Last week, EPA declined to ban the pesticide chlorpyrifos, which had been recommended for removal during the Obama administration.
The pesticide has been around for a long time, and is used primarily against soil-borne pests. American Vegetable Grower reached out to several Extension agents to learn their reactions to chlorpyrifos’ dodging the ban.
It’s a Boon for Brassica Growers says Thomas Kumar, Professor and Extension Vegetable Entomology Specialist, Virginia Tech
Chlorpyrifos is among the few organophosphates still registered for use on food crops. Under enactment of the Food Quality Protection Act, many of the more toxic organophosphates have been removed from use on vegetables. These insecticides have largely been replaced by neonicotinoids, pyrethroids, and other insecticide classes. A few uses of chlorpyrifos on vegetables have remained, particularly where there have not been adequate replacements that have provided similar pest control efficacy.
One example is the control of cabbage maggot on brassica crops. This is a very damaging pest in some regions of the U.S., and chlorpyrifos is the most efficacious insecticide option for control. Thus, the news means that commercial growers of brassica crops in the U.S. will still have this effective insecticide in their pest control arsenal for the time being.
California Regulations Already Cut Deeply into Chlorpyrifos Use, Says Shimat V. Joseph, IPM Advisor (Entomology) | University of California Cooperative Extension:
In central coast of California, use of chlorpyrifos declined sharply due to regulations enforced by the regional water board. However, growers with large acreage still use it. As Tom indicated, it is primarily used against soil-borne pests such as cabbage maggot, garden symphylans, springtails etc.
Based on my trials, the efficacy of chlorpyrifos against cabbage maggot is questionable. So the growers moved on using other chemistries, as Tom indicated, because of the enforcement of regulation rather than the attempted ban. In the central coast of California, the issue started when toxic levels of chlorpyrifos was detected in surface water threatening the non-targets such as benthic organisms. I still see the value of having chlorpyrifos around as a tool in the tool box.

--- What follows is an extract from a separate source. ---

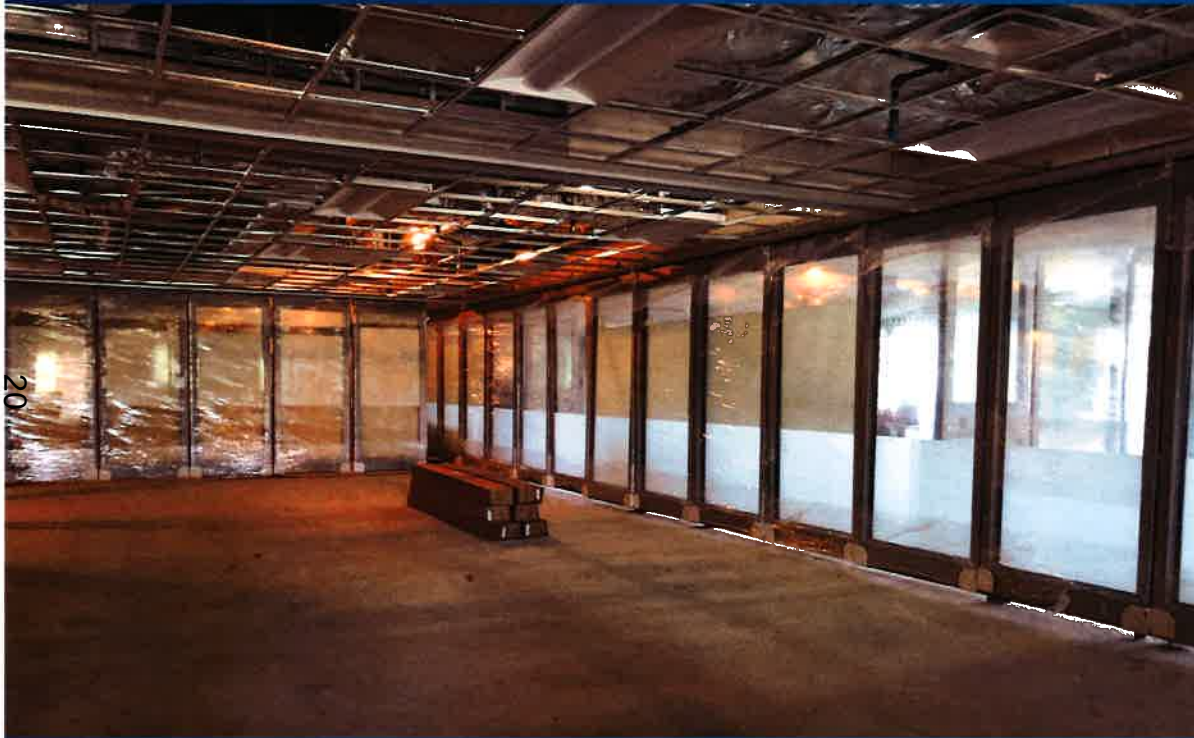
Learning Den Flexible Classroom Space

Please see this article — it discusses some of these points. The paper is primarily targeting pyrethroids, but I have mentioned OP issues too.

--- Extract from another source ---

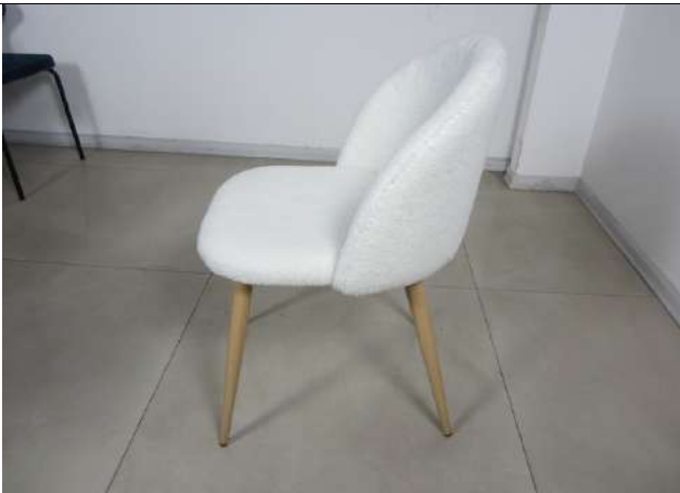
Item CH2164 (5)

Chlorpyrifos is a Much Needed Weapon to Combat Sudden Apple Decline, says Peter J. Jentsch, Hudson Valley Research Laboratory Director, Senior Extension Associate, Entomology, NYSAES Cornell University
I wrote an article last week in support of chlorpyrifos to provide additional detail regarding our need in agricultural production, given the dramatic shift in tree architecture and sudden apple decline (SAD) we are observing in New York State.
In New York, the invasive insect complex, including the brown marmorated stink bug (BMSB) in tree fruit, continues to cause unprecedented injury to crops, requiring significant time to determine best management practices, while older broad spectrum management tools are employed to reduce losses. The use of chlorpyrifos in this case is not necessarily essential, but is one of only a handful of tool capable of reducing BMSB in emergency situations. Although newer, reduced risk technologies and products are available for use in tree fruit production, they are not without concerns.
This was recently evidenced in the reduced risk organophosphates (OP) replacement neonicotinoid insecticide class, targeted for honeybee reduction concerns. Insecticide resistance management, by design, requires rotation of multiple classes of insecticides. The OP class has only a few tools available for use in tree fruit after Food Quality Protection Act (FQPA) reductions of this class. The loss of Lorsban would reduce the resistance management potential in many New York cropping systems. In New York, Lorsban is constrained for foliar applications during the pre-bloom period for black stem borer (BSB), yet dogwood borer (DWB) management using trunk applications can be used post bloom in a single seasonal application. These two insects contribute to SAD in New York. Employing a single trunk application against the BSB would significantly reduce the risk to pollinators and the predatory insect complex, while reducing the potential for introduction to ground water and residue on fruit, yet would optimizing the efficacy in timing to reduce significant losses to the tree fruit industry by boring pests.
California Citrus Mutual Issues a Celebratory Statement
“We believe that sound science should prevail in the regulation of crop protection tools,” says CCM President Joel Nelsen.
Nelsen and members of California Citrus Mutual’s Executive Committee met with EPA several times last year to lobby for chlorpyrifos’ use in citrus production, where the pesticide helpls suppress the Asian citrus psyllid, that spreads the deadly huanglongbing (HLB) or citrus greening disease.